§ Data supplied:

======

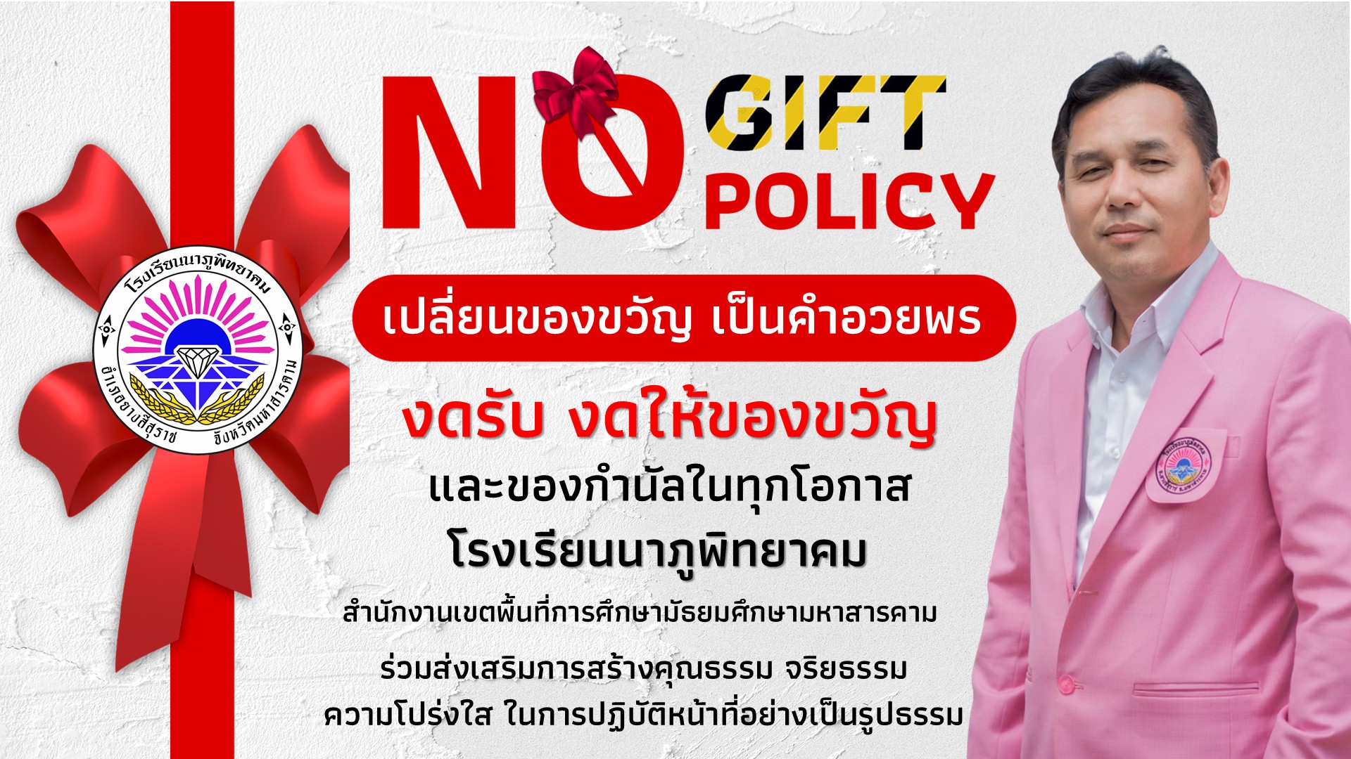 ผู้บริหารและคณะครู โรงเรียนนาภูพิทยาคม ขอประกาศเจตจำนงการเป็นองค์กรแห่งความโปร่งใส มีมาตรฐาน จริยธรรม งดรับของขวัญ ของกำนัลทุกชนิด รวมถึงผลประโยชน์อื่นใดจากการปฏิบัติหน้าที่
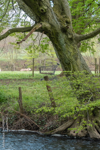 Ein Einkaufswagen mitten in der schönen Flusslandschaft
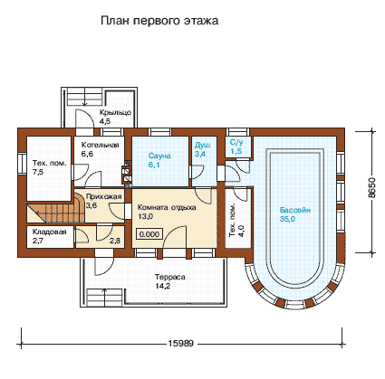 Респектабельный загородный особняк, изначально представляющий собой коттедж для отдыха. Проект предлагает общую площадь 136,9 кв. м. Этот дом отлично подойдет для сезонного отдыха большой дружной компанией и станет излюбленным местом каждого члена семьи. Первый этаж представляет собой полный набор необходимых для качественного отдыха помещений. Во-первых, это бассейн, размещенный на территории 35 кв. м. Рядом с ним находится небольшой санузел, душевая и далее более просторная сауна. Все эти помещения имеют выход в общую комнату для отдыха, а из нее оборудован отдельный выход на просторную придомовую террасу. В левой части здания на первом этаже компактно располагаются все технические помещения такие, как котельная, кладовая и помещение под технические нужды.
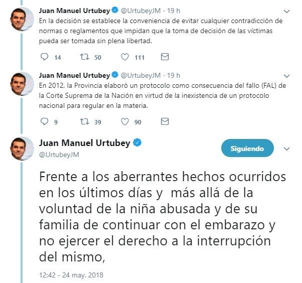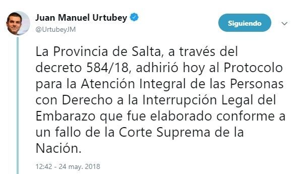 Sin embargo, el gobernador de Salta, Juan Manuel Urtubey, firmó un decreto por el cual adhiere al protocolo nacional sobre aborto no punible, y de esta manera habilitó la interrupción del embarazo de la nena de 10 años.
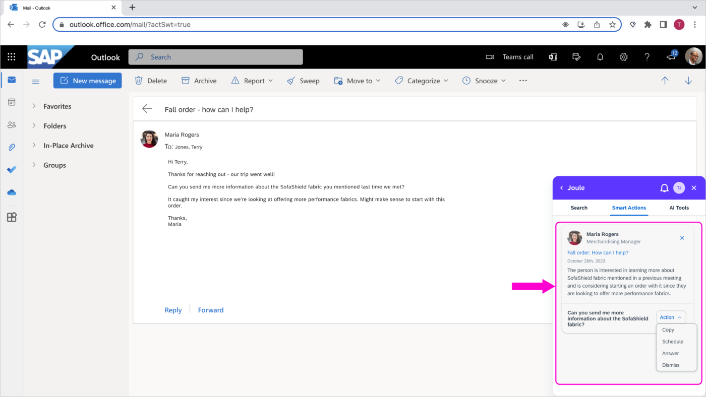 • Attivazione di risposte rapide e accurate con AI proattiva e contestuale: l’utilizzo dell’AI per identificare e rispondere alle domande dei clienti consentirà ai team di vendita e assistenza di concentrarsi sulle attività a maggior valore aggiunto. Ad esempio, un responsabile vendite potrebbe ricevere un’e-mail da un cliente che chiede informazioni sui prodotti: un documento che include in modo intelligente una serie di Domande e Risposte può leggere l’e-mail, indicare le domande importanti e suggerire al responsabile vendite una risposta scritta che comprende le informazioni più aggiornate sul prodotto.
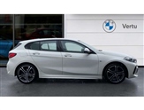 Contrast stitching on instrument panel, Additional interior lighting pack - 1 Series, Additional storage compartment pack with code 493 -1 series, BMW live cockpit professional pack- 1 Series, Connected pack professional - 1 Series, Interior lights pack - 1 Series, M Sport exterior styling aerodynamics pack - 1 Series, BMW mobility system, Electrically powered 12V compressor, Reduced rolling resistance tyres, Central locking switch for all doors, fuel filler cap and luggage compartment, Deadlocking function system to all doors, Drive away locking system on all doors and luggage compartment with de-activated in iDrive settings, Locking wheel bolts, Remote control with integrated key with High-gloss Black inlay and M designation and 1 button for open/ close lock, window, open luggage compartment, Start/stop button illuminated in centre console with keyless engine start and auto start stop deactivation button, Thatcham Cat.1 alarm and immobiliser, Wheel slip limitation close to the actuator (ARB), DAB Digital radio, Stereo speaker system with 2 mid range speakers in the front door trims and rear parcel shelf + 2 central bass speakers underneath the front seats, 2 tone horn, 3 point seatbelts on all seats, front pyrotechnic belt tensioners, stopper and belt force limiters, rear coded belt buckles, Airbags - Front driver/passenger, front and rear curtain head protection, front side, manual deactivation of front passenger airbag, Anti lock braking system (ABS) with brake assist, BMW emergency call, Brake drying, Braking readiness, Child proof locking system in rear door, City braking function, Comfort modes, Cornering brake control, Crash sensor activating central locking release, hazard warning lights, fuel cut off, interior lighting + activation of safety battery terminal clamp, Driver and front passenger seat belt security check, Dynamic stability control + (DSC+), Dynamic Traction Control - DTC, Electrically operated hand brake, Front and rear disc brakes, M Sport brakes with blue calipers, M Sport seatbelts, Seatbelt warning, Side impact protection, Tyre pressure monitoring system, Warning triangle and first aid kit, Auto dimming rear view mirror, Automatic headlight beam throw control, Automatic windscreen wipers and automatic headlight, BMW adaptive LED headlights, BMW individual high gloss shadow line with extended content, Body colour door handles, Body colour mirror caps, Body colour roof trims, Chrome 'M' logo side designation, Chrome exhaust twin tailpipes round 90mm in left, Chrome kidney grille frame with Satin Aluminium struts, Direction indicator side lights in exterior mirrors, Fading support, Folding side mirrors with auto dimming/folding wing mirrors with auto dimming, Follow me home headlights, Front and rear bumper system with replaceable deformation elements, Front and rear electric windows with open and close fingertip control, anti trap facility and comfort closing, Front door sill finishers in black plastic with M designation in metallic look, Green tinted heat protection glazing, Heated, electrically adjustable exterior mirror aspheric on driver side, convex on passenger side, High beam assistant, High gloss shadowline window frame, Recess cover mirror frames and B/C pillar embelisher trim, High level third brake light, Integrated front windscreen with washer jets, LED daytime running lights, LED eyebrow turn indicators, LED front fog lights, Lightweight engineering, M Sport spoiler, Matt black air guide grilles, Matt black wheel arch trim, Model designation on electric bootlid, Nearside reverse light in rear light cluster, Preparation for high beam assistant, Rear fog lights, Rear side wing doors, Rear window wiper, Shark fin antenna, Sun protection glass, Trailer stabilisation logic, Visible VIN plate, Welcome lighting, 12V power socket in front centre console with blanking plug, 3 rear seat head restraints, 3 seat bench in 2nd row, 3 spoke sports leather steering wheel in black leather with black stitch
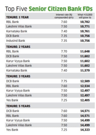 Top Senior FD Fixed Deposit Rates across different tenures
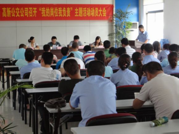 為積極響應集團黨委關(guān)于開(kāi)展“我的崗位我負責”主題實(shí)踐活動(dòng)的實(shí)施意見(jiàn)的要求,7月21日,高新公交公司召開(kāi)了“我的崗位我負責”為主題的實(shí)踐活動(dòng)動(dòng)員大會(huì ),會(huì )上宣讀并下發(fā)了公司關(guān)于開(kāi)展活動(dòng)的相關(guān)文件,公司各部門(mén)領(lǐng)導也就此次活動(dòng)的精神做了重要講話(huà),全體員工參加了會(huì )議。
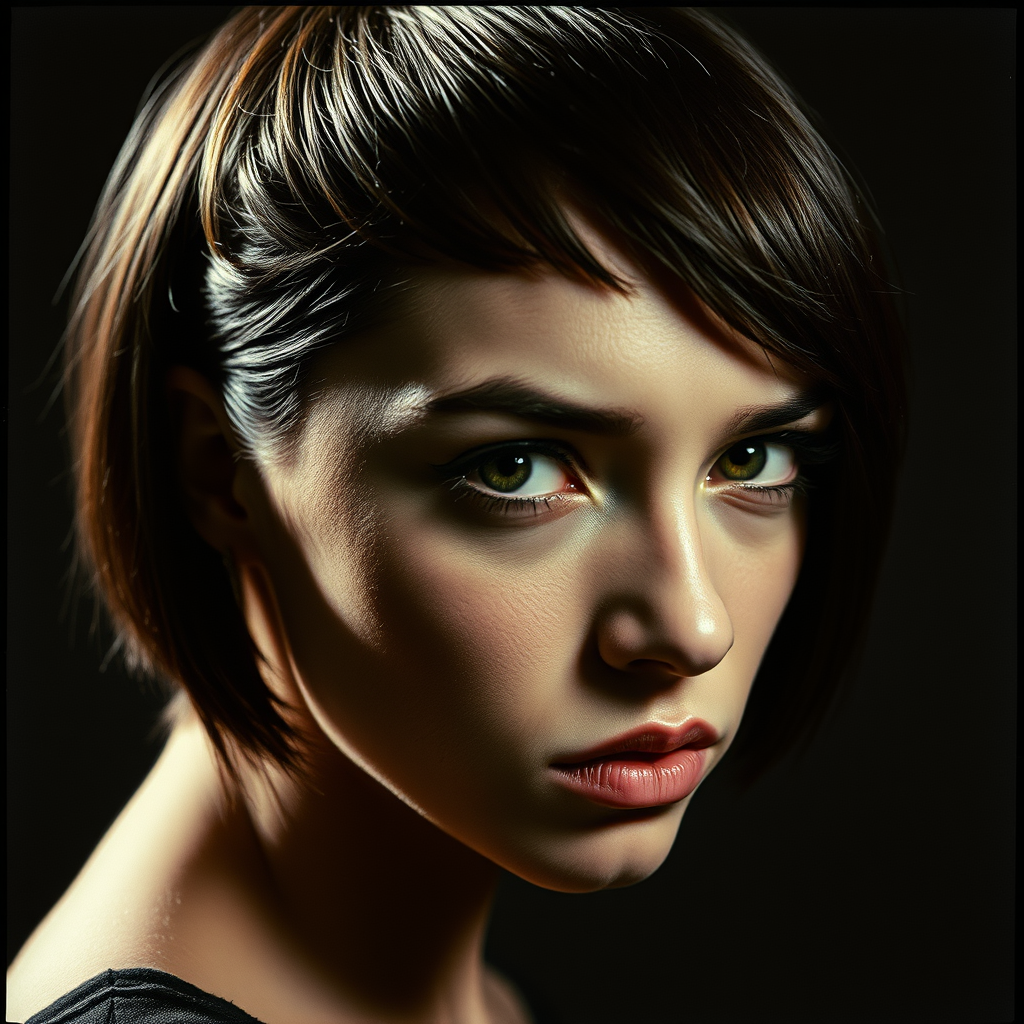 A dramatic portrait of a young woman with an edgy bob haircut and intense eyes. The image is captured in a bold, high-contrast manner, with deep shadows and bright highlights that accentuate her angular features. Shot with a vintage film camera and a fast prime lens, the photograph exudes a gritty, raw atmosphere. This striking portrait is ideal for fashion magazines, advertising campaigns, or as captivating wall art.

======

§ Exercise instructions: Retype every entry exactly as written. Leave the pictures out.

§ Solution:
 ผู้บริหารและคณะครู โรงเรียนนาภูพิทยาคม ขอประกาศเจตจำนงการเป็นองค์กรแห่งความโปร่งใส มีมาตรฐาน จริยธรรม งดรับของขวัญ ของกำนัลทุกชนิด รวมถึงผลประโยชน์อื่นใดจากการปฏิบัติหน้าที่
 Ein Einkaufswagen mitten in der schönen Flusslandschaft
 Респектабельный загородный особняк, изначально представляющий собой коттедж для отдыха. Проект предлагает общую площадь 136,9 кв. м. Этот дом отлично подойдет для сезонного отдыха большой дружной компанией и станет излюбленным местом каждого члена семьи. Первый этаж представляет собой полный набор необходимых для качественного отдыха помещений. Во-первых, это бассейн, размещенный на территории 35 кв. м. Рядом с ним находится небольшой санузел, душевая и далее более просторная сауна. Все эти помещения имеют выход в общую комнату для отдыха, а из нее оборудован отдельный выход на просторную придомовую террасу. В левой части здания на первом этаже компактно располагаются все технические помещения такие, как котельная, кладовая и помещение под технические нужды.
 Sin embargo, el gobernador de Salta, Juan Manuel Urtubey, firmó un decreto por el cual adhiere al protocolo nacional sobre aborto no punible, y de esta manera habilitó la interrupción del embarazo de la nena de 10 años.
 • Attivazione di risposte rapide e accurate con AI proattiva e contestuale: l’utilizzo dell’AI per identificare e rispondere alle domande dei clienti consentirà ai team di vendita e assistenza di concentrarsi sulle attività a maggior valore aggiunto. Ad esempio, un responsabile vendite potrebbe ricevere un’e-mail da un cliente che chiede informazioni sui prodotti: un documento che include in modo intelligente una serie di Domande e Risposte può leggere l’e-mail, indicare le domande importanti e suggerire al responsabile vendite una risposta scritta che comprende le informazioni più aggiornate sul prodotto.
 Contrast stitching on instrument panel, Additional interior lighting pack - 1 Series, Additional storage compartment pack with code 493 -1 series, BMW live cockpit professional pack- 1 Series, Connected pack professional - 1 Series, Interior lights pack - 1 Series, M Sport exterior styling aerodynamics pack - 1 Series, BMW mobility system, Electrically powered 12V compressor, Reduced rolling resistance tyres, Central locking switch for all doors, fuel filler cap and luggage compartment, Deadlocking function system to all doors, Drive away locking system on all doors and luggage compartment with de-activated in iDrive settings, Locking wheel bolts, Remote control with integrated key with High-gloss Black inlay and M designation and 1 button for open/ close lock, window, open luggage compartment, Start/stop button illuminated in centre console with keyless engine start and auto start stop deactivation button, Thatcham Cat.1 alarm and immobiliser, Wheel slip limitation close to the actuator (ARB), DAB Digital radio, Stereo speaker system with 2 mid range speakers in the front door trims and rear parcel shelf + 2 central bass speakers underneath the front seats, 2 tone horn, 3 point seatbelts on all seats, front pyrotechnic belt tensioners, stopper and belt force limiters, rear coded belt buckles, Airbags - Front driver/passenger, front and rear curtain head protection, front side, manual deactivation of front passenger airbag, Anti lock braking system (ABS) with brake assist, BMW emergency call, Brake drying, Braking readiness, Child proof locking system in rear door, City braking function, Comfort modes, Cornering brake control, Crash sensor activating central locking release, hazard warning lights, fuel cut off, interior lighting + activation of safety battery terminal clamp, Driver and front passenger seat belt security check, Dynamic stability control + (DSC+), Dynamic Traction Control - DTC, Electrically operated hand brake, Front and rear disc brakes, M Sport brakes with blue calipers, M Sport seatbelts, Seatbelt warning, Side impact protection, Tyre pressure monitoring system, Warning triangle and first aid kit, Auto dimming rear view mirror, Automatic headlight beam throw control, Automatic windscreen wipers and automatic headlight, BMW adaptive LED headlights, BMW individual high gloss shadow line with extended content, Body colour door handles, Body colour mirror caps, Body colour roof trims, Chrome 'M' logo side designation, Chrome exhaust twin tailpipes round 90mm in left, Chrome kidney grille frame with Satin Aluminium struts, Direction indicator side lights in exterior mirrors, Fading support, Folding side mirrors with auto dimming/folding wing mirrors with auto dimming, Follow me home headlights, Front and rear bumper system with replaceable deformation elements, Front and rear electric windows with open and close fingertip control, anti trap facility and comfort closing, Front door sill finishers in black plastic with M designation in metallic look, Green tinted heat protection glazing, Heated, electrically adjustable exterior mirror aspheric on driver side, convex on passenger side, High beam assistant, High gloss shadowline window frame, Recess cover mirror frames and B/C pillar embelisher trim, High level third brake light, Integrated front windscreen with washer jets, LED daytime running lights, LED eyebrow turn indicators, LED front fog lights, Lightweight engineering, M Sport spoiler, Matt black air guide grilles, Matt black wheel arch trim, Model designation on electric bootlid, Nearside reverse light in rear light cluster, Preparation for high beam assistant, Rear fog lights, Rear side wing doors, Rear window wiper, Shark fin antenna, Sun protection glass, Trailer stabilisation logic, Visible VIN plate, Welcome lighting, 12V power socket in front centre console with blanking plug, 3 rear seat head restraints, 3 seat bench in 2nd row, 3 spoke sports leather steering wheel in black leather with black stitch
 Top Senior FD Fixed Deposit Rates across different tenures
 為積極響應集團黨委關(guān)于開(kāi)展“我的崗位我負責”主題實(shí)踐活動(dòng)的實(shí)施意見(jiàn)的要求,7月21日,高新公交公司召開(kāi)了“我的崗位我負責”為主題的實(shí)踐活動(dòng)動(dòng)員大會(huì ),會(huì )上宣讀并下發(fā)了公司關(guān)于開(kāi)展活動(dòng)的相關(guān)文件,公司各部門(mén)領(lǐng)導也就此次活動(dòng)的精神做了重要講話(huà),全體員工參加了會(huì )議。
 A dramatic portrait of a young woman with an edgy bob haircut and intense eyes. The image is captured in a bold, high-contrast manner, with deep shadows and bright highlights that accentuate her angular features. Shot with a vintage film camera and a fast prime lens, the photograph exudes a gritty, raw atmosphere. This striking portrait is ideal for fashion magazines, advertising campaigns, or as captivating wall art.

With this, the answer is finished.